Many of us now cringe at the music we loved when we were teenagers. Rudresh Mahanthappa isn't one of them. Now that he's an internationally acclaimed saxophonist who tours the world's best jazz clubs and festivals, he freely admits that he had a thing for smooth jazz growing up in Colorado in the '80s. "Besides Charlie Parker," he writes in the liner notes to his latest album, "the first sounds that inspired me to play the saxophone as a child were soul/R&B and jazz 'fusion' artists such as Grover Washington Jr., David Sanborn, the Brecker Brothers and The Yellowjackets."
That latest album, 2011's Samdhi, borrows a bit from that past and its electric funk excesses. It also integrates ideas from South Indian scales and modes, hip-hop and computer music programming. Atop all that, Mahanthappa is an astonishing soloist, a swarm of locusts rampaging through an irregular beat. It's an impressive listen which becomes a bug-eyed, mouth-agape experience when you see it live.

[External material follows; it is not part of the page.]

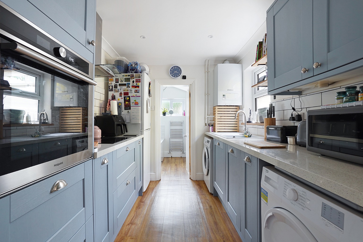 The kitchen, positioned to the rear of the property, overlooks the west-facing garden, allowing plenty of natural light to fill the room. With ample storage and preparation space, it’s perfect for everyday cooking and weekend gatherings alike. The ground-floor bathroom adds convenience to the layout. Upstairs, the home offers three bedrooms, with the third bedroom accessed via the second. This flexible space works beautifully as a nursery, home office, or dressing room, catering to a variety of family needs.

When Mahanthappa recently toured the Samdhi songbook in Washington, D.C., we had him stop by the NPR Music offices to give us a taste — and he brought along some old friends. Drummer Rudy Royston and Mahanthappa played in a Denver-based band together some 20-odd years ago, and have since reconnected in New York; electric bassist Rich Brown has played in just about every conceivable setting from his home base of Toronto, including the Canadian Indo-jazz group Autorickshaw; guitarist Rez Abbasi is a long-time confrere in the dual worlds of jazz and South Asian music.
When Rudresh, Rez, Rich and Rudy tore into the frantic "Killer," everyone immediately perked up. When we in the audience started looking at each other, we were all wearing the same giddy, dropped-jaw smile.